Exercise instructions:
From the material below, retype exactly the lines that begin at the line with "3、在视频列表中,找到并点击" and end after the line with "黒沢 知紗綺さんを姓名の画数から五運を鑑定"; pictures stay out of the copy.
(Source material begins)
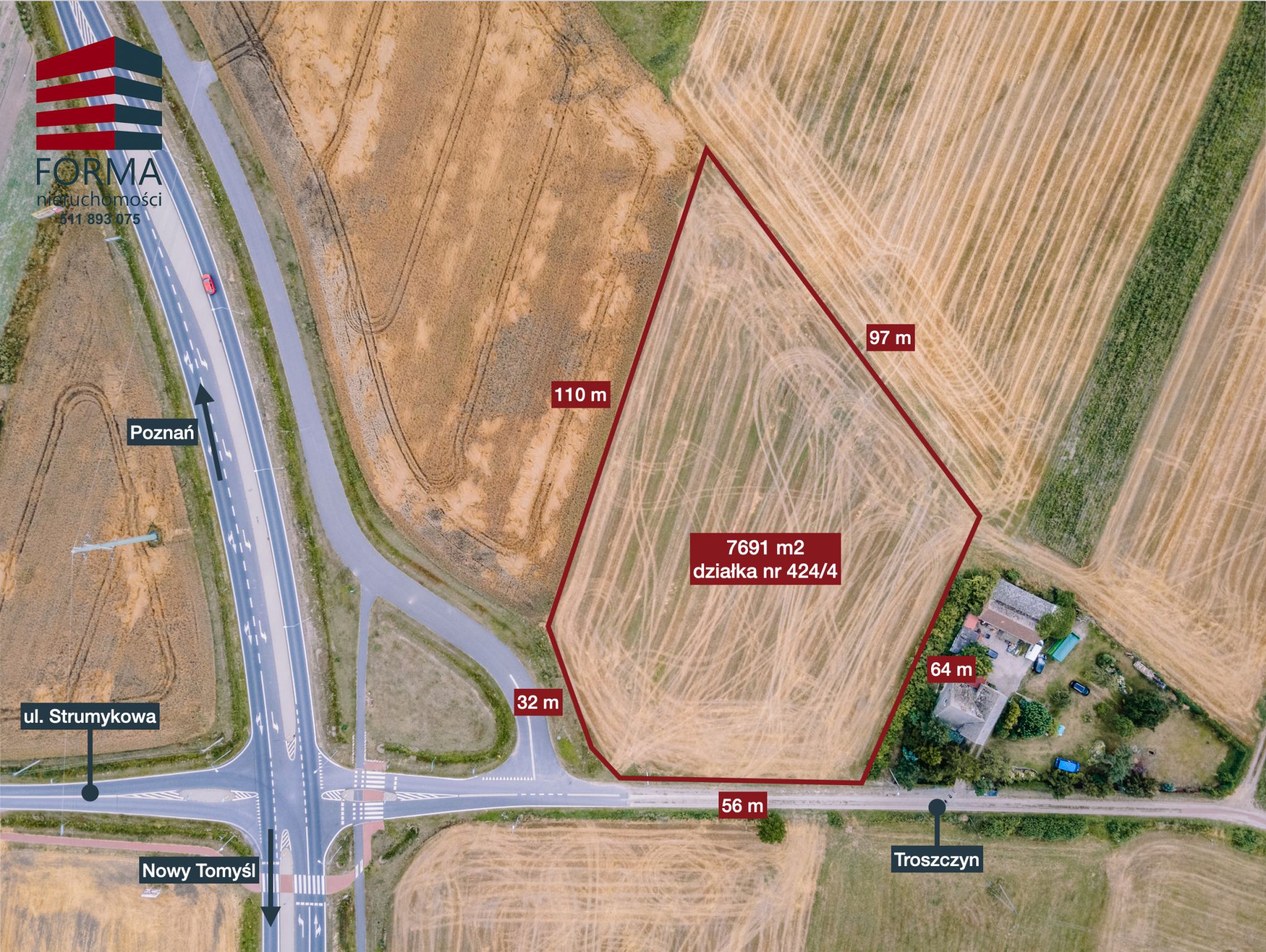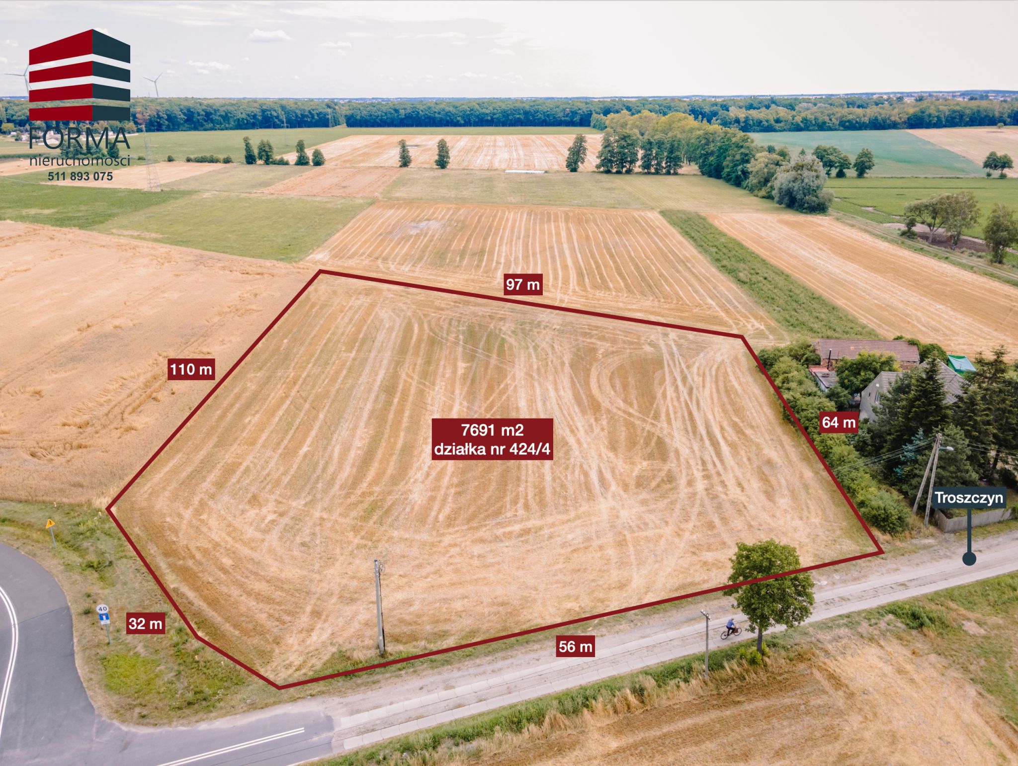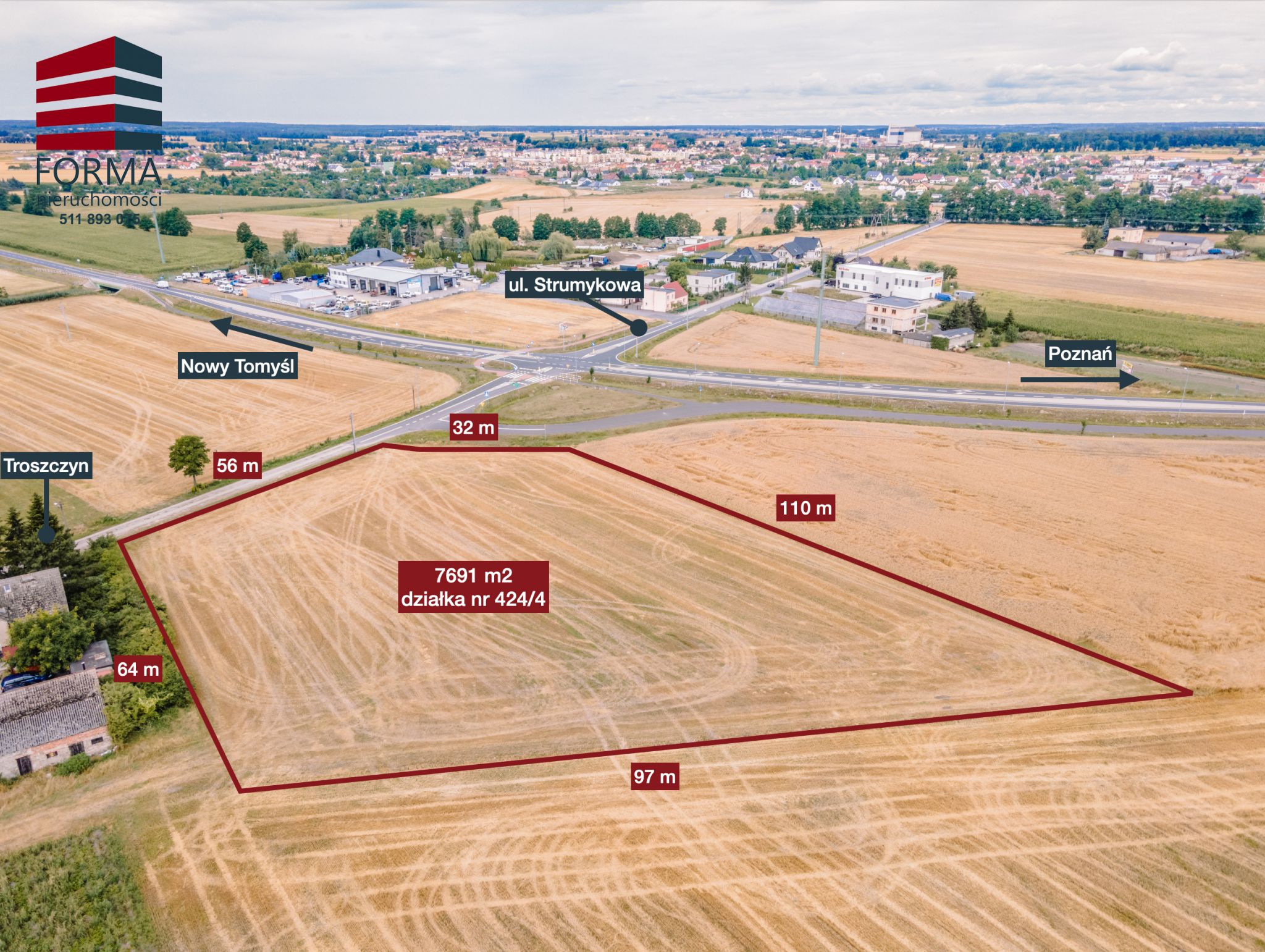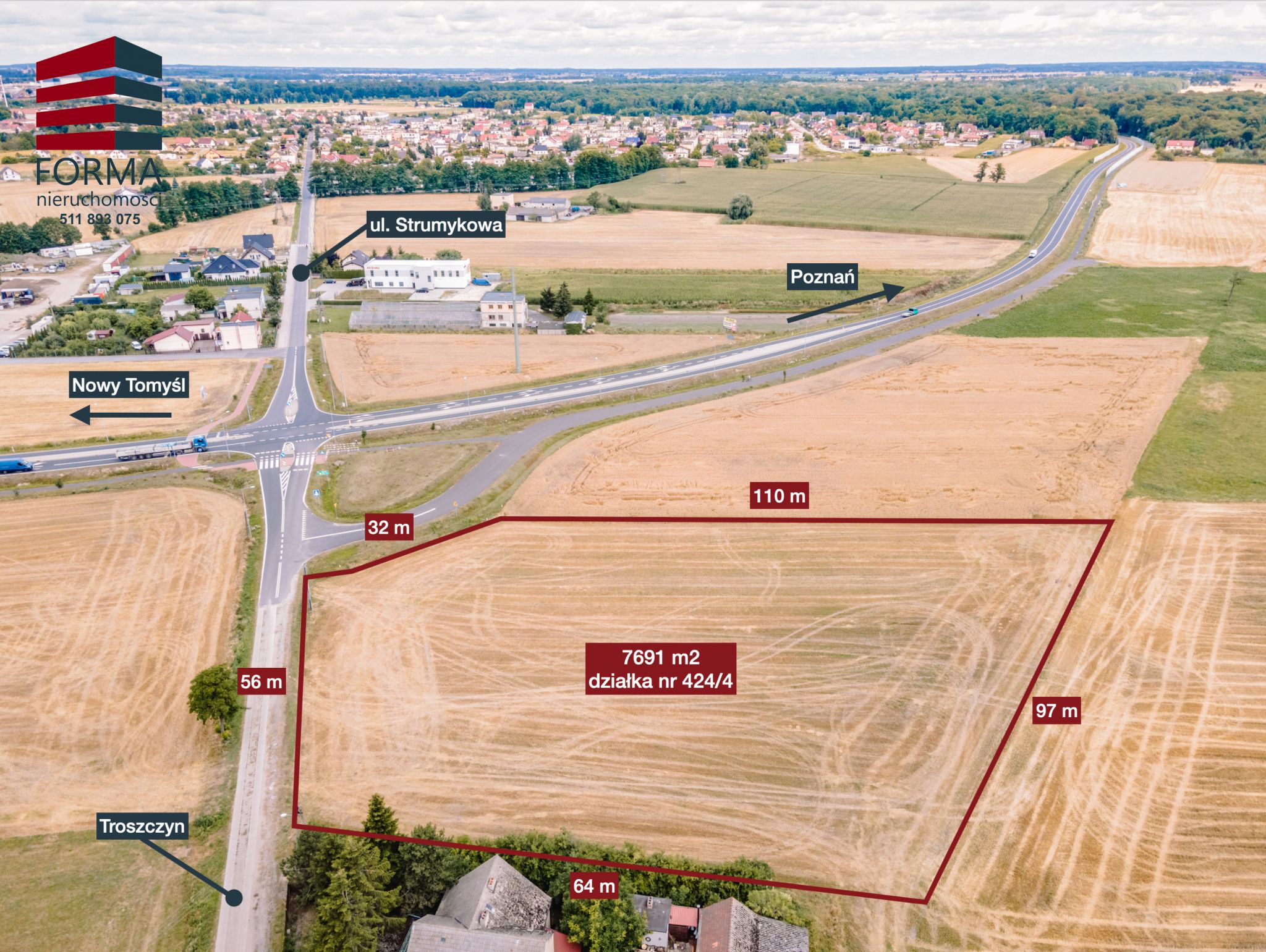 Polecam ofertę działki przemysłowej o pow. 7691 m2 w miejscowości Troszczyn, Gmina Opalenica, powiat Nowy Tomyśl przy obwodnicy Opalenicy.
(Source material ends)
(Source material begins)
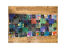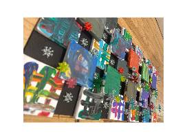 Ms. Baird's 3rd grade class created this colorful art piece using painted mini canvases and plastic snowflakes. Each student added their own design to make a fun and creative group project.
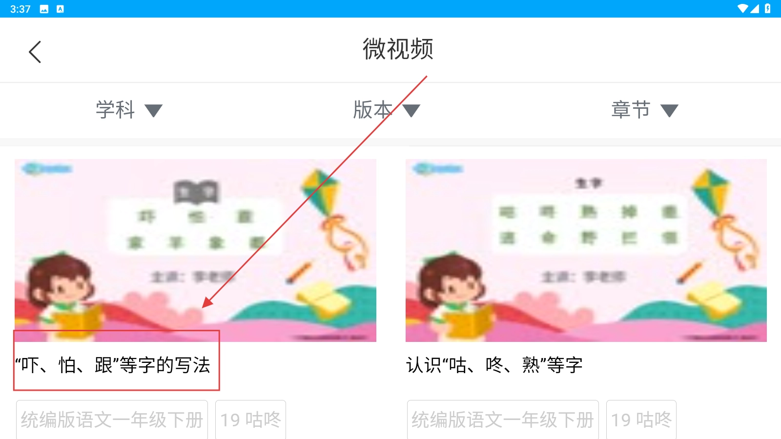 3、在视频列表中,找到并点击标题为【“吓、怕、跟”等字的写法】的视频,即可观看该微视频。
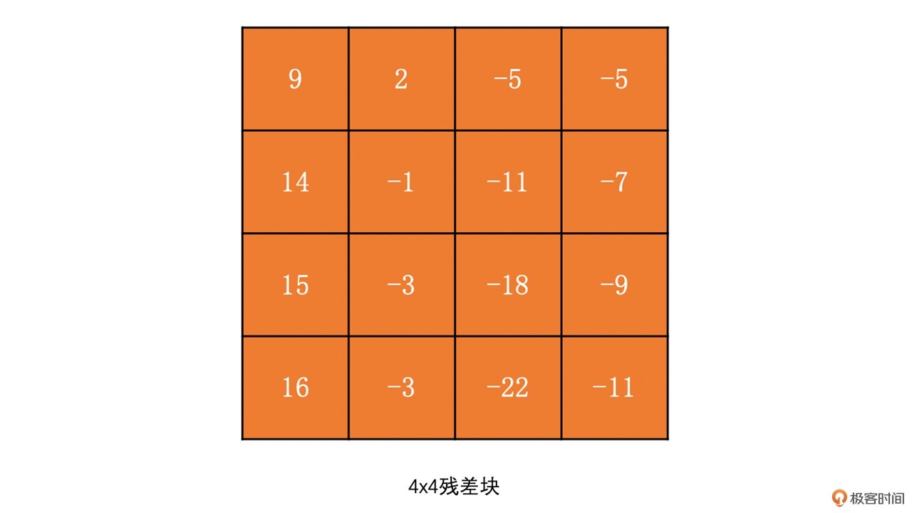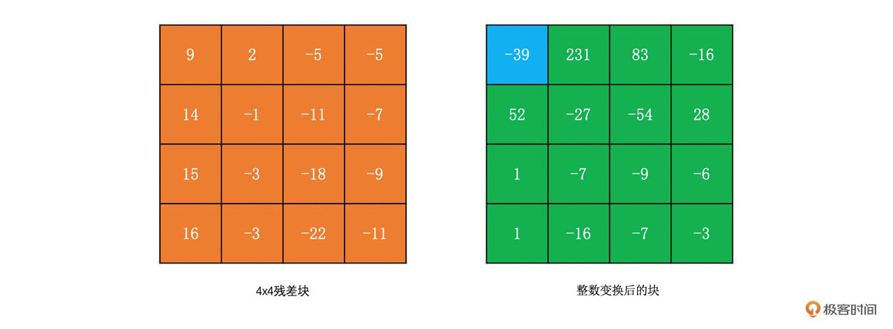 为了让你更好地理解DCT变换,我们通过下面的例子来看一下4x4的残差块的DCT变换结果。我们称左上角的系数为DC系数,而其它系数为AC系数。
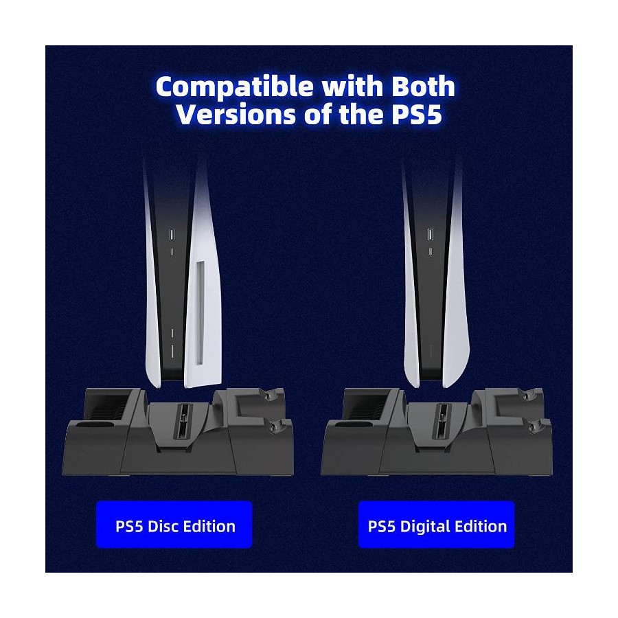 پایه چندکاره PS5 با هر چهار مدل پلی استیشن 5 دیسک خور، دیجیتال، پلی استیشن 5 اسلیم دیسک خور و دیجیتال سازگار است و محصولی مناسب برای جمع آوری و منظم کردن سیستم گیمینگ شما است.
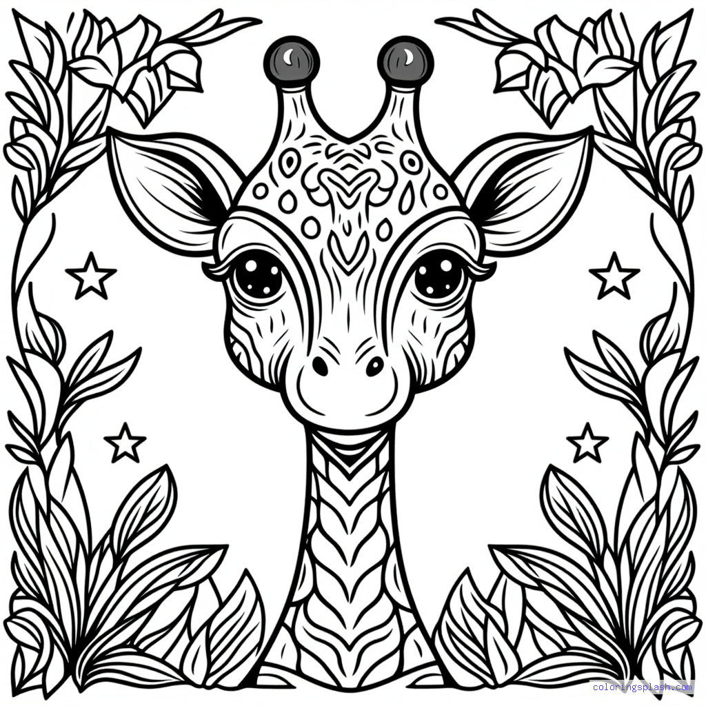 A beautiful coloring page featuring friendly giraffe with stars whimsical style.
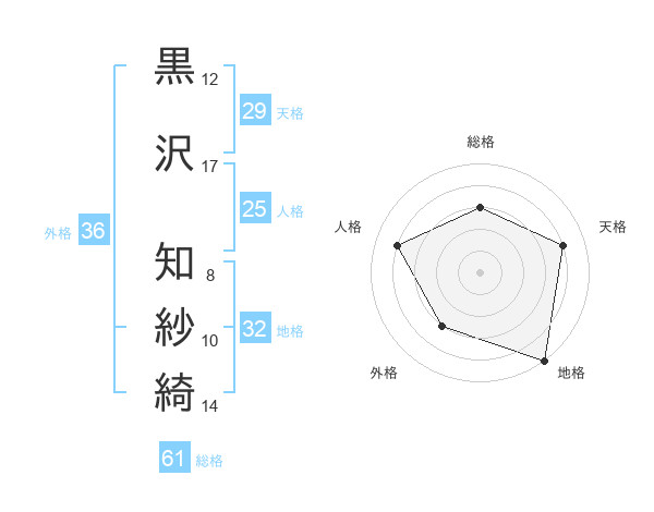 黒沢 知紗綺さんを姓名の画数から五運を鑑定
(Source material ends)
Answer to the problem:
 3、在视频列表中,找到并点击标题为【“吓、怕、跟”等字的写法】的视频,即可观看该微视频。
 为了让你更好地理解DCT变换,我们通过下面的例子来看一下4x4的残差块的DCT变换结果。我们称左上角的系数为DC系数,而其它系数为AC系数。
 پایه چندکاره PS5 با هر چهار مدل پلی استیشن 5 دیسک خور، دیجیتال، پلی استیشن 5 اسلیم دیسک خور و دیجیتال سازگار است و محصولی مناسب برای جمع آوری و منظم کردن سیستم گیمینگ شما است.
 A beautiful coloring page featuring friendly giraffe with stars whimsical style.
 黒沢 知紗綺さんを姓名の画数から五運を鑑定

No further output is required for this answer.